[Recorded data]
Content starts
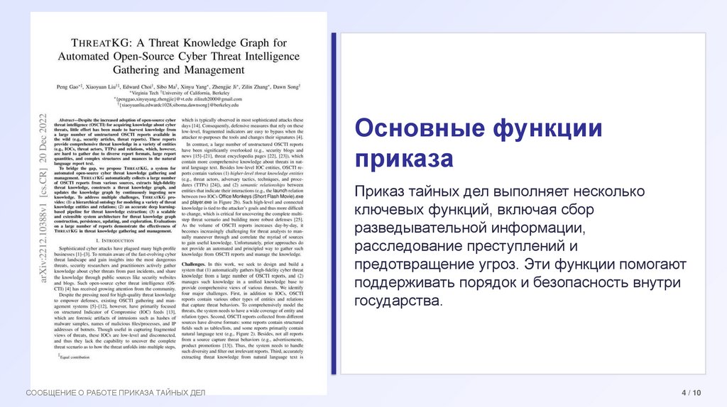 Спасибо за внимание!СООБЩЕНИЕ О РАБОТЕ ПРИКАЗА ТАЙНЫХ ДЕЛ
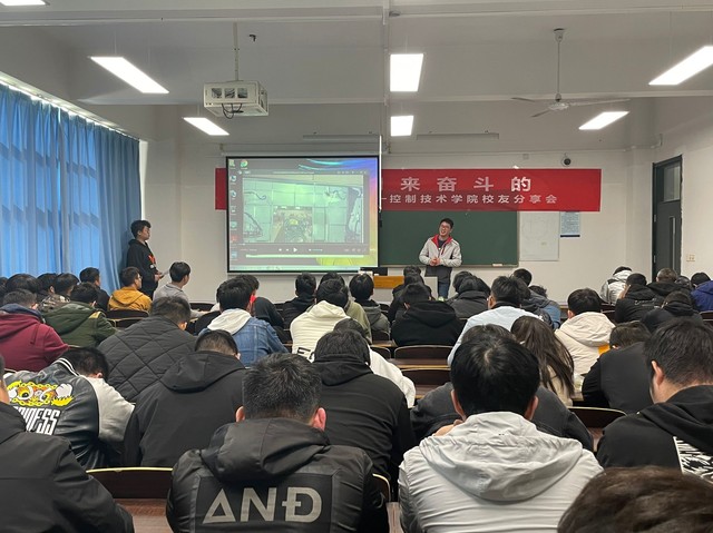 陈虎学长以《青春是用来奋斗的》为本次座谈会的主题,跟同学们讲述了他在校的生活与踏入社会后的工作日常。陈学长给大家展示了他工作时研发的机器人,那一个个庞然大物在屏幕上精准无误的工作,深深吸引着同学们;陈虎学长也给大家拓展了书本外的知识跟经验,分享了自己求职、工作时的经历,大家学习颇多。
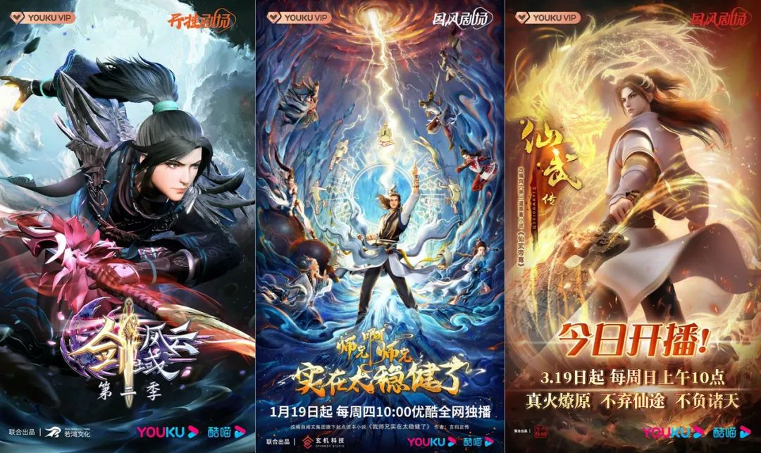 《仙武传》也是平台的高热度国产动画作品,由优酷和小明太极出品,小明太极制作,改编自六界三道小说《仙武帝尊》,作品来自于塔读。另外从剧场来看,3部中1部为“开挂”,2部为“国风”。
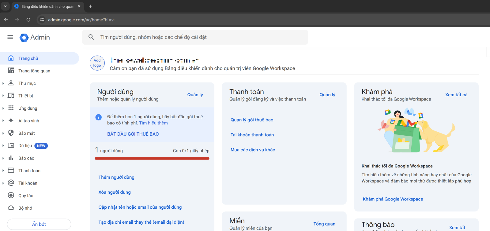 1. Truy cập vào trang quản trị của Google Workspace, link truy cập admin.google.com và đăng nhập bằng tài khoản quản trị viên cấp cao.
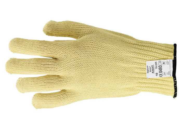 Они же кевларовые, хотя кевлар - торговая марка арамидного волокна. Кевларовая нить на разрыв прочнее стали. Но все недостатки, обусловленные плетением остаются - нет защиты от заноз, пыли, стружки. Точно так же они безразмерные и плохо сидят на руке.По прежнему заусенец зацепит и намотает перчатку. Часто кевларовые перчатки позиционируются как "защищающие от порезов", но защита эта весьма слабая, иначе вместо дорогущих кольчужных перчаток все мясокомбинаты покупали бы кевларовые. В некоторых задачах они могут показать себя долговечнее х/б перчаток, но не радикально, например при работе со стальной лентой.
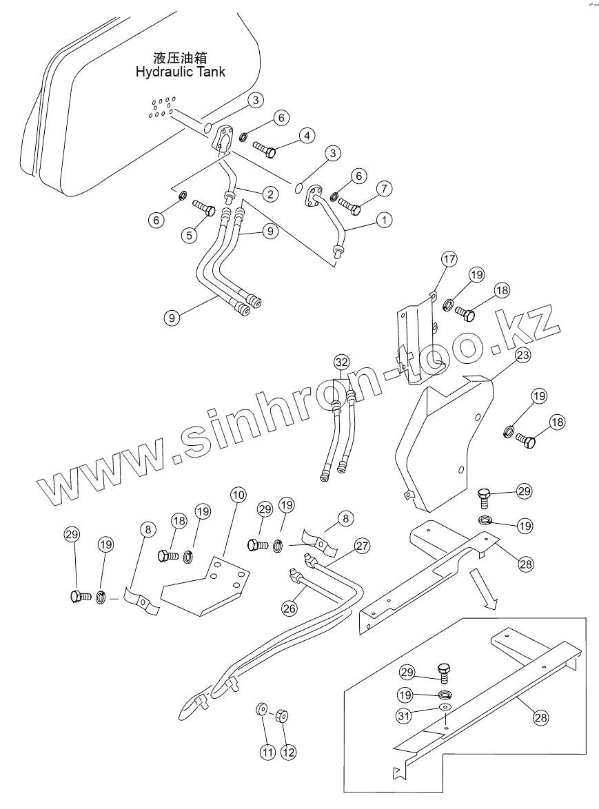 Каталог запасных частей к технике: Shantui SD16L. TILT PIPING ASSY SD16E
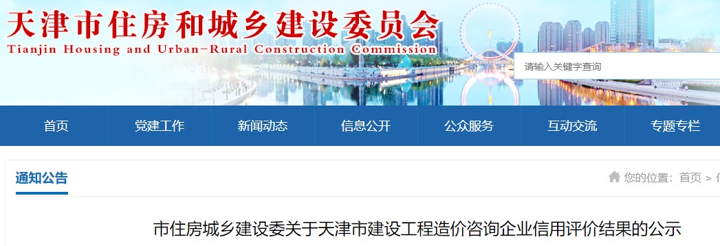 天津市住建委关于天津市建设工程造价咨询企业信用评价结果的公示
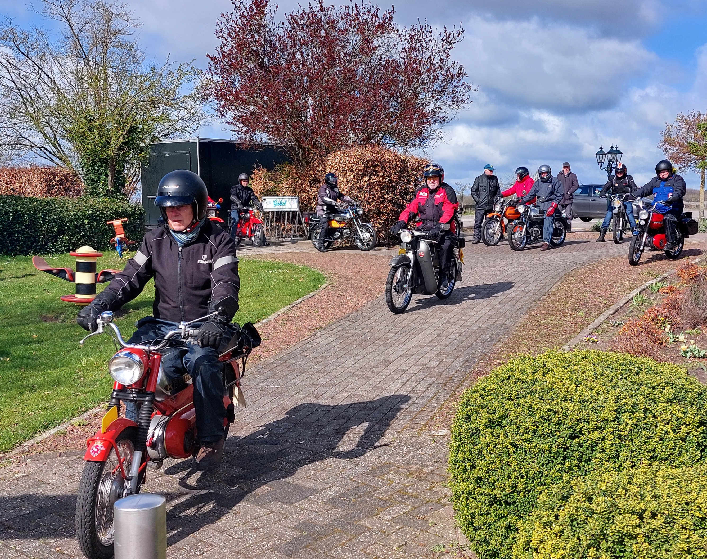 Tomos en een Puch gebroederlijk naast elkaar. Verder was het geheel aangekleed met
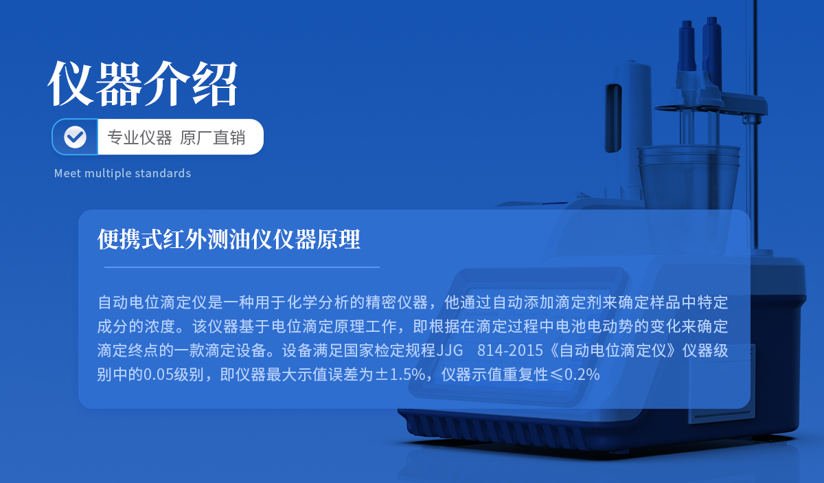 | 自動電位滴定儀是一種用于化學分析的精密儀器,他通過自動添加滴定劑來確定樣品中特定成分的濃度。該儀器基于電位滴定原理工作,即根據(jù)在滴定過程中電池電動勢的變化來確定滴定終點的一款滴定設備。設備滿足國家檢定規(guī)程JJG 814-2015《自動電位滴定儀》儀器級別中的0.05級別,即儀器**示值誤差為±1.5%,儀器示值重復性≤0.2% |
Content ends
# How to complete this task
Using the data above, set down each line from the line with "陈虎学长以《青春是用来奋斗的" to the line with "1. Truy cập" exactly, both ends included, and leave the pictures behind. Nothing else belongs.

# Worked solution
 陈虎学长以《青春是用来奋斗的》为本次座谈会的主题,跟同学们讲述了他在校的生活与踏入社会后的工作日常。陈学长给大家展示了他工作时研发的机器人,那一个个庞然大物在屏幕上精准无误的工作,深深吸引着同学们;陈虎学长也给大家拓展了书本外的知识跟经验,分享了自己求职、工作时的经历,大家学习颇多。
 《仙武传》也是平台的高热度国产动画作品,由优酷和小明太极出品,小明太极制作,改编自六界三道小说《仙武帝尊》,作品来自于塔读。另外从剧场来看,3部中1部为“开挂”,2部为“国风”。
 1. Truy cập vào trang quản trị của Google Workspace, link truy cập admin.google.com và đăng nhập bằng tài khoản quản trị viên cấp cao.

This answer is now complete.